Nie, no nie powiedziałaby Kosińskiemu żadnej z tych rzeczy, ale wiedziała, że gdyby przyszło co do czego, to mogłaby go poprosić, żeby ją przytulił, i on by to zrobił. Nie. Nigdy by go o to nie poprosiła. Ale z ciastka mogłaby się ucieszyć.
Każdy potrzebuje bliskości. I żeby komuś choćby raz na miesiąc, raz na dwa miesiące powiedzieć prawdę. I cukru.

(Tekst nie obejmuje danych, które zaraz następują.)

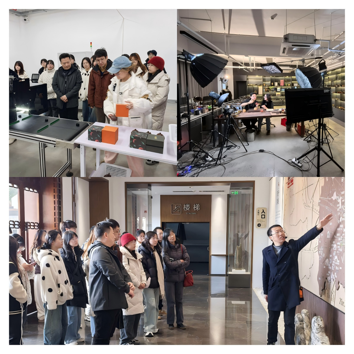 研学最后一站,师生们抵达宜兴丁蜀镇木石·陶文化数字产业园——该园区因紫砂陶直播电商运营的突出成效,成功入选2025年县域直播电商中心典型案例。园区负责人以紫砂陶产业为例,详细拆解了直播电商的全流程运营逻辑:从电商账号定位、品牌视觉设计,到直播场景搭建、新媒体内容策划,再到数字化营销与用户运营,全方位分享了传统产业借助直播电商实现“破圈”增长的实战经验。

Ech, cukru i kawy.
Wrony pokłóciły się nagle o skrawek jakiejś szmaty. Jedna odskoczyła niezdarnie, a druga darła się wniebogłosy, jakby jej mieli wyrwać pióra na żywca. Olga przypomniała sobie, że kiedyś nad kanałkiem widziała, jak wrona maltretuje pisklę. Pisklę było już duże, ale wrona była cierpliwa i przekonana o sile swego uścisku. Olga myślała, że drapieżniki uderzają po prostu dziobem i po zawodach. Ale nie, wrona wpiła się pazurami w gałąź wierzby i dusiła pisklę, zaciskając mu dziób na gardle. Pisklę trzepotało skrzydłami z każdą chwilą mocniej i wydawało się, że się uwolni. Nie. To była już agonia.
Odpędziła to wspomnienie, bo niewiele brakowało, żeby zaczęła się rozklejać. Zresztą ptaki nie pamiętają. Tym się różnią od ludzi, że umieją zapomnieć. Nie potrafią zapamiętać, ile miały piskląt. A jeśli potrafią nawet, to są w stanie z tym żyć.
Palce marzły jej nawet w rękawiczkach. Powinna włączyć silnik, bo ford tracił ciepło na tym wietrze. Ale zaraz przylezie portier i powie, że to nieekologiczne albo co…
Kawy by się napiła. Posiedziałaby sobie przy kominku na grubym dywanie, który odkurzałaby godzinę, żeby nie było na nim ani jednego pyłku. I nastawiłaby Marillion. Stare płyty mają w sobie jakąś metafizyczną władzę nad czasem. Jakby się człowiek stawał młodszy, co nie? Szczuplejszy, smuklejszy, jakby miał prostsze plecy. I jakby coś w środku miękło. Siedziałaby tam, przy ogniu, robiłoby się coraz cieplej, a ona miałaby na sobie biały sweter. Taki z golfem. Miękki, jeszcze nigdy nieprany. A na blaszanej płycie, przed kominkiem zawsze są takie płyty, zostawałyby odciski po kubkach. Piliby wino z kubków. Po całym kubku, żeby nie wstawać, nie dolewać, nie szukać butelek, nie troszczyć się o to, czy lampki do wina nie mają na sobie tych maleńkich śladów po palcach albo po osadzie z kranu. Więc piliby z kubków. Na rancie byłby czerwony odcisk, bo mogłaby sobie pomalować usta choć raz. Albo ślad po kropelce wina. I byłoby już tak ciepło, że zdjęłaby sweter i powiedziałaby Szymonowi, żeby też zdjął, a on by się przekomarzał, ale potem by zdjął i to tak niezdarnie, że oboje by się z tego śmiali i nie byliby wcale zażenowani.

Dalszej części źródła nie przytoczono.